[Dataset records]
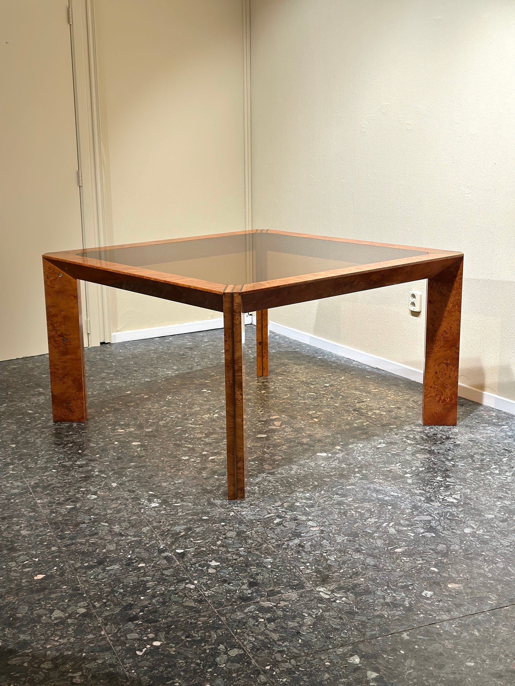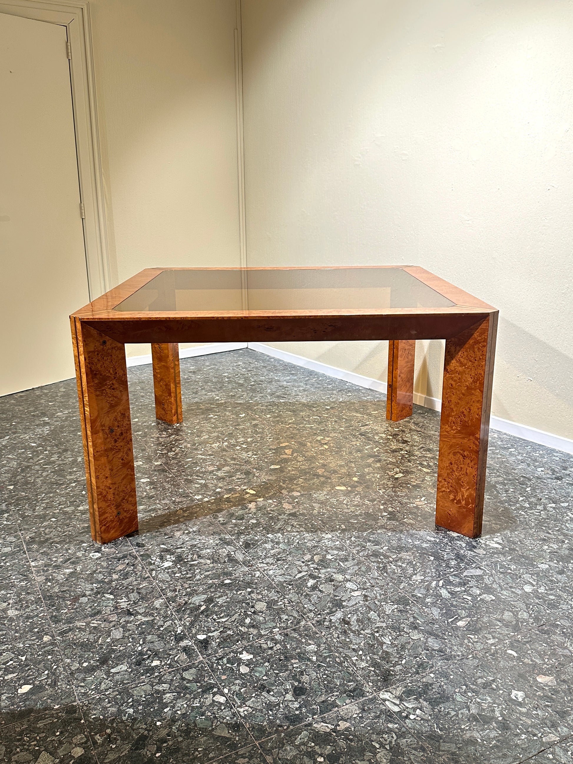 Vintage Italian diningtable designed in the Willy Rizzo style, featuring a high-gloss burlwood frame paired with a smoked-glass top. The table has a clean, geometric silhouette typical of 1970s Italian design.
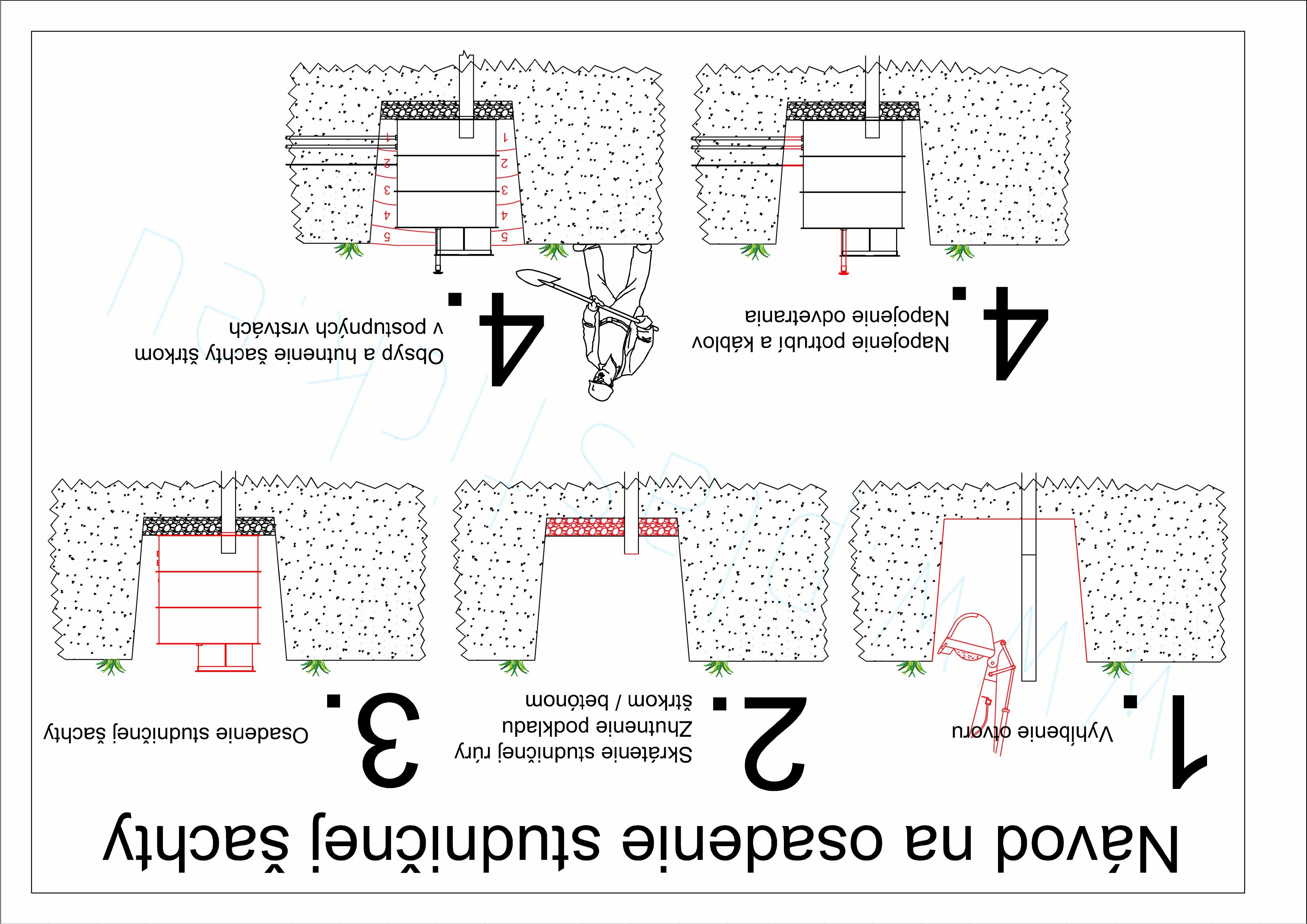 - V prípade tejto inštalácie musí byť zabránené vstupu na veko (napr. odnímateľnou betónovou doskou či oplotením priestoru šachty).
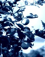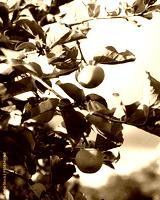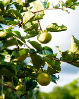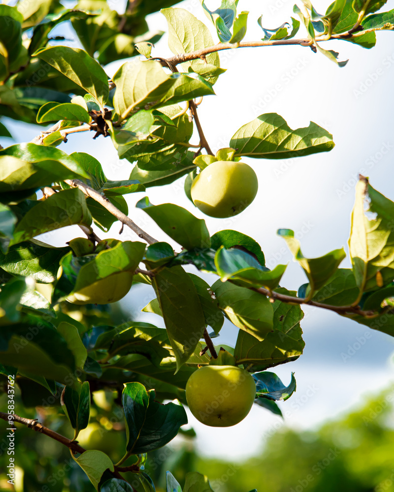 Green persimmon Diospyros kaki hanging on tree branch under sunny blue sky at front yard garden in Austin, Texas, urban edible landscaping and fruit orchard, unripe fruit with lush green leaves
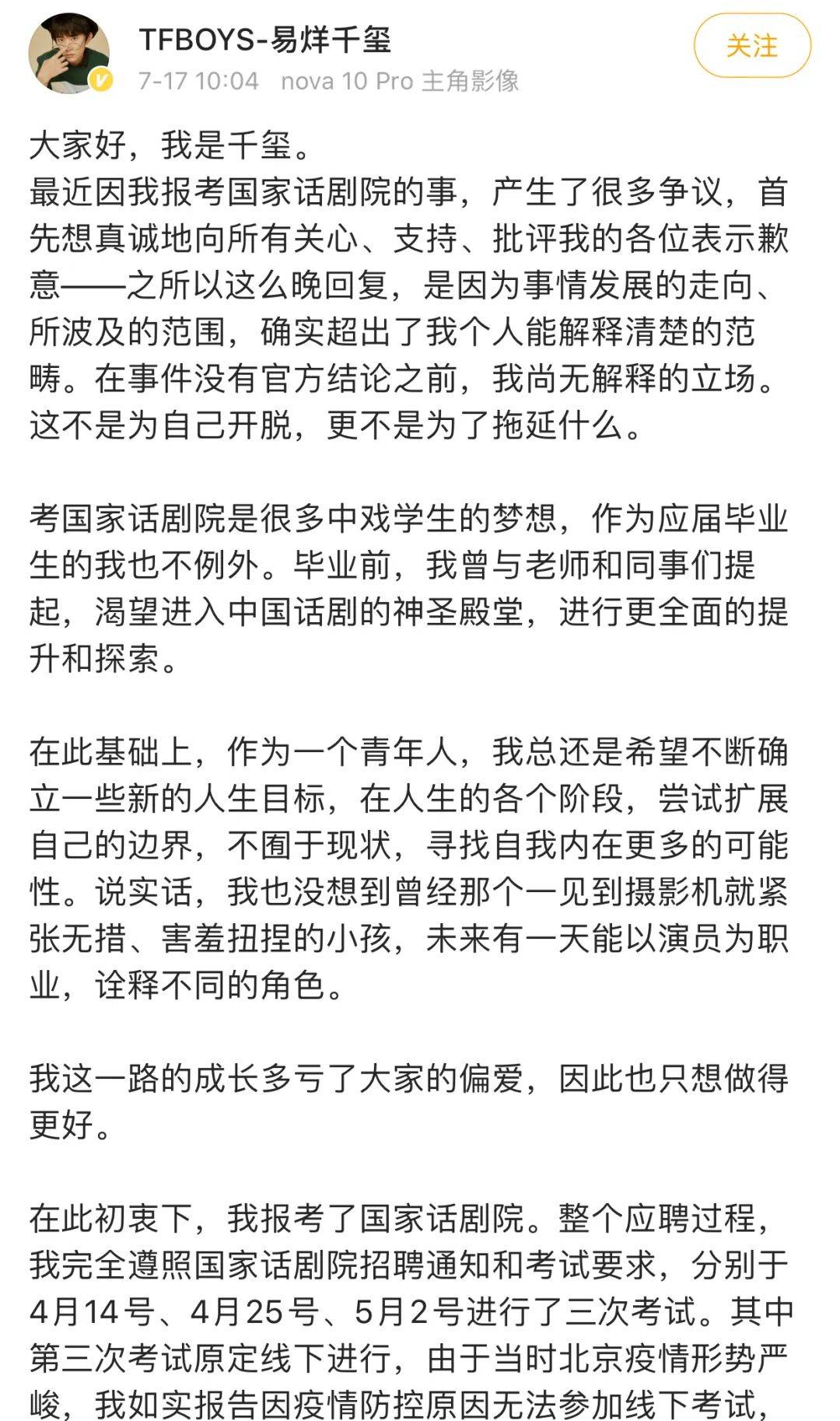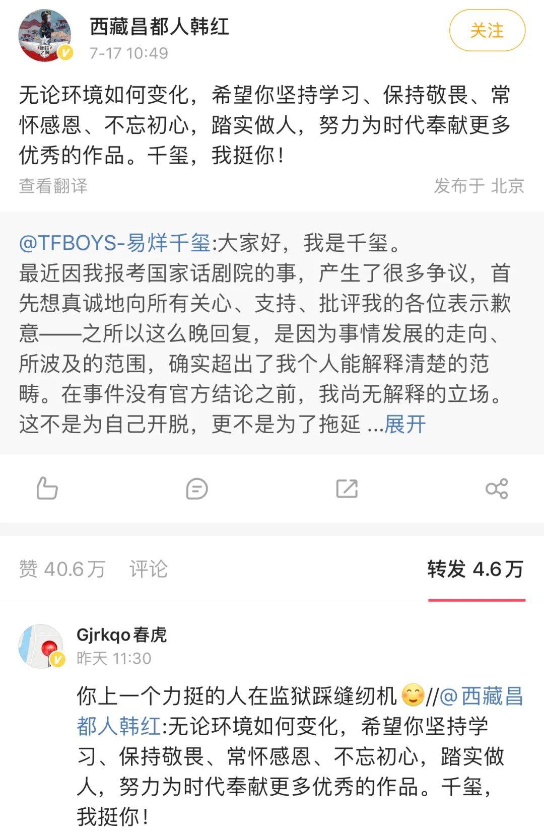 于正的热情参与,正式标志着易烊千玺考编事件进入“后真相时代”。
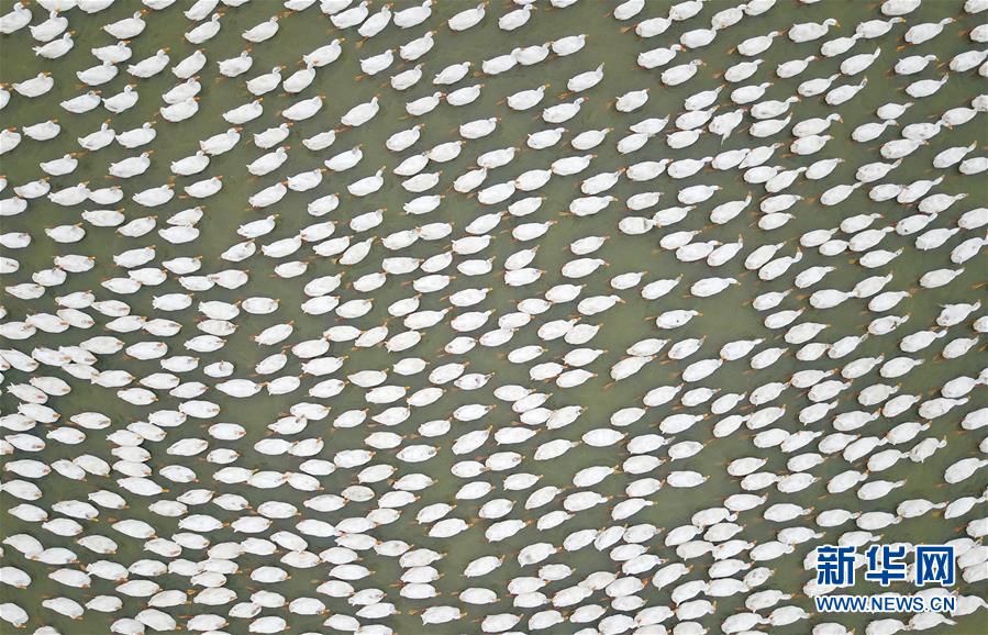 這是小崗村一處養(yǎng)殖鴨子的水塘(9月16日無人機(jī)拍攝)。 新華社記者 才揚(yáng)攝
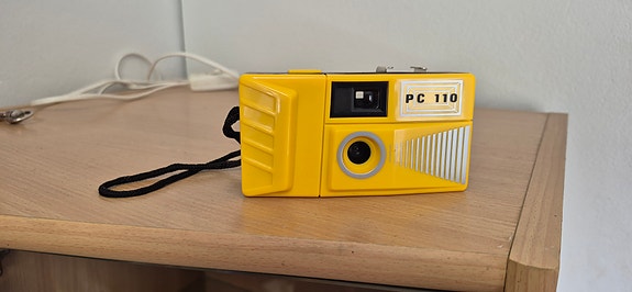 Pieni keltainen vintage-kamera PC 110

- Your task -
With pictures omitted, reproduce exactly the lines from the line containing "這是小崗村一處養(yǎng)殖鴨子的水塘(9月16日無人機(jī)拍攝)。 新華社記者 才揚(yáng)攝" through the end of the data above.

- Exercise output -
 這是小崗村一處養(yǎng)殖鴨子的水塘(9月16日無人機(jī)拍攝)。 新華社記者 才揚(yáng)攝
 Pieni keltainen vintage-kamera PC 110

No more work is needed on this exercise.